Swedish post-rock band

Ef (stylized as EF) is a post-rock band from Gothenburg, Sweden. Using little vocals, they feature a wide variety of instruments. Their debut album Give me beauty... Or give me death! was released in May 2006 on their own label And The Sound Records (ATS Records). They had several tours with around 400 shows in various European countries.

In February 2008, the band released their second album I Am Responsible (ATSR) and March 21, 2008, it was announced on their website that founding member and bass player Mikael Hillergård had left the band.

The band continued as a three piece and released their 3rd studio album Mourning Golden Morning (ATSR) in 2010. Same year they also started to cooperate with recently started record label Kapitän Platte based in Bielefeld, Germany who released all three albums on vinyl for the very first time.

This album also got the band to tour Russia, China, Taiwan and Hong Kong for the very first time.
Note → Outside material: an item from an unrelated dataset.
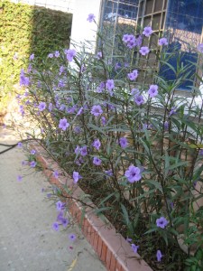 Và khoe với dì Ba hàng bông tím trước cửa nhà ngoại nè:
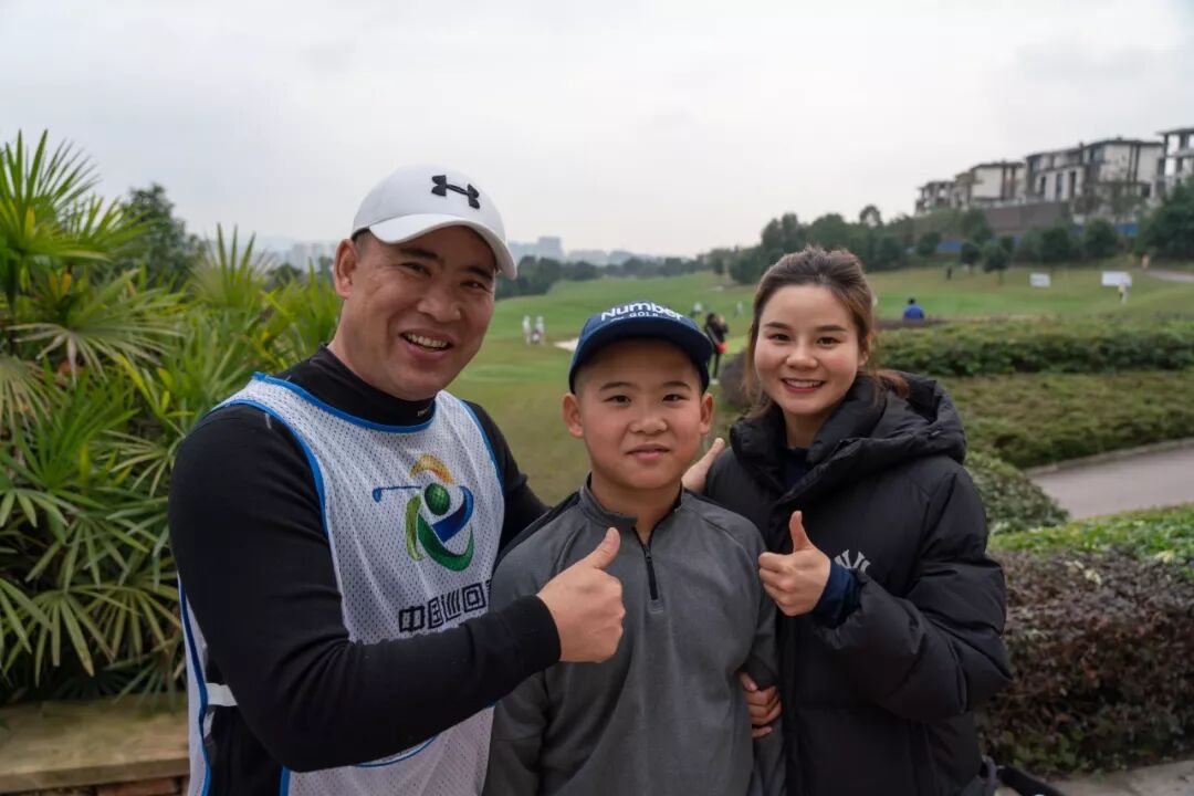 参加中巡赛的周彦含与陪伴在身边的父母

In 2011, the live/touring band members Emanuel Olsson and Erik Jardestig (formerly Gustafsson) became steady members of the band and together they recorded the vinyl only EP Delusions of Grandeur for German record label Pelagic Records (2012).

In 2013, they released their 4th studio album Ceremonies (ATSR) including the song Delusions of Grandeur. This album became a milestone of the band and they toured China, Hong Kong and Taiwan for the second time. Also a massive 4 week tour through most parts of Europe.

The second Pelagic Records EP was released in 2016 which was a split with Israeli band Tiny Fingers and named Vayu. The main song of EF was Hiraeth which also got a video directed by Eric Ivar Persson and included an early performance by Swedish actor Alexander Abdallah.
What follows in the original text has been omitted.